*MATERIAL SUPPLIED*.
※

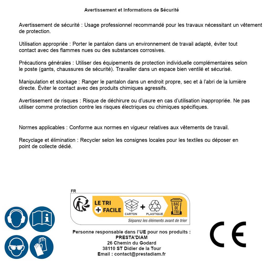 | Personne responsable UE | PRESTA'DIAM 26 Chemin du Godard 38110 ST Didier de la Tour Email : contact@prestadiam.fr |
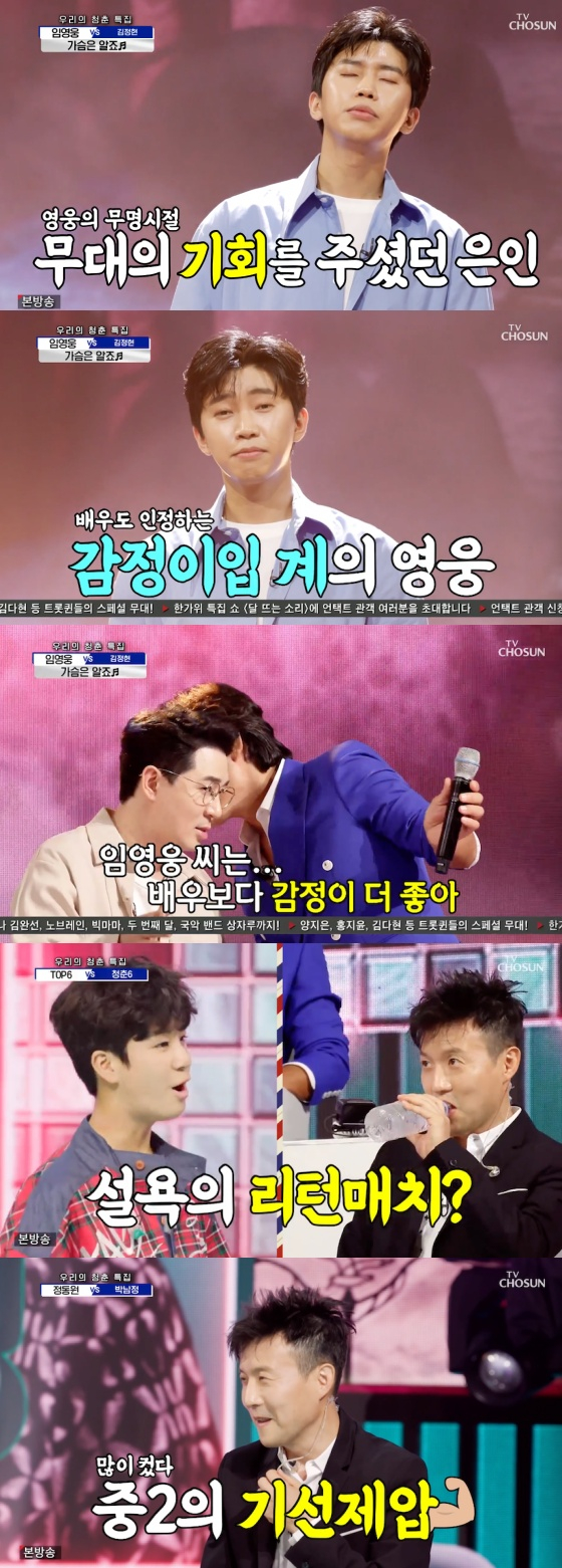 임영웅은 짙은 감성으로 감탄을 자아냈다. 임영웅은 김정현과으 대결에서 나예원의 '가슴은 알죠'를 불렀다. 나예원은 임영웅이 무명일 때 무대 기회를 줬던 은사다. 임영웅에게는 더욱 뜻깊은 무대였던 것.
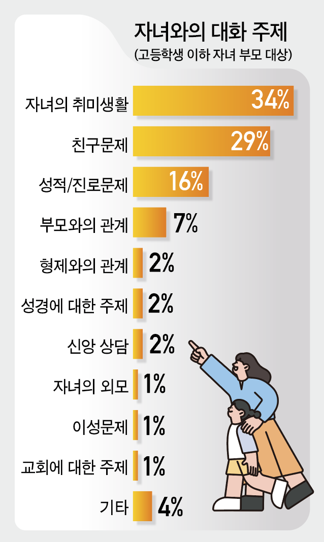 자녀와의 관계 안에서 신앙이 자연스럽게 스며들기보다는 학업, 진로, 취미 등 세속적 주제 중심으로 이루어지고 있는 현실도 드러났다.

※

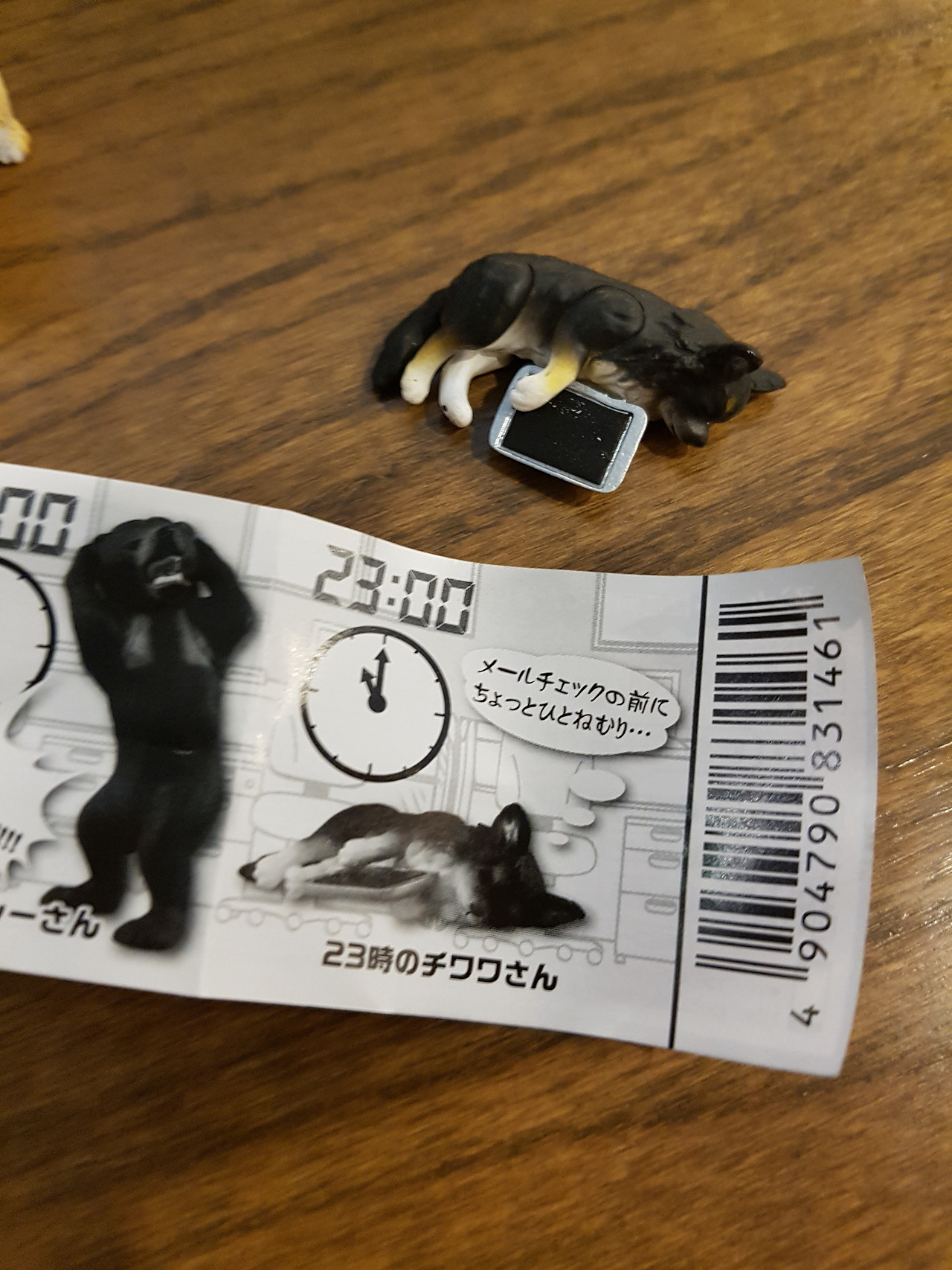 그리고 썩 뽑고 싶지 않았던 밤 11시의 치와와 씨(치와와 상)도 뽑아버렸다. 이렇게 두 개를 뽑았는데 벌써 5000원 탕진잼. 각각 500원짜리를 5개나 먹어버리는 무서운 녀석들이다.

※

*WHAT YOU NEED TO DO*.
Although pictures appear among the entries, please set down only the lines from the one with "Email : contact@prestadiam.fr |" up to and including the one with "자녀와의 관계 안에서", word for word.

*RESPONSE*.
 | Personne responsable UE | PRESTA'DIAM 26 Chemin du Godard 38110 ST Didier de la Tour Email : contact@prestadiam.fr |
 임영웅은 짙은 감성으로 감탄을 자아냈다. 임영웅은 김정현과으 대결에서 나예원의 '가슴은 알죠'를 불렀다. 나예원은 임영웅이 무명일 때 무대 기회를 줬던 은사다. 임영웅에게는 더욱 뜻깊은 무대였던 것.
 자녀와의 관계 안에서 신앙이 자연스럽게 스며들기보다는 학업, 진로, 취미 등 세속적 주제 중심으로 이루어지고 있는 현실도 드러났다.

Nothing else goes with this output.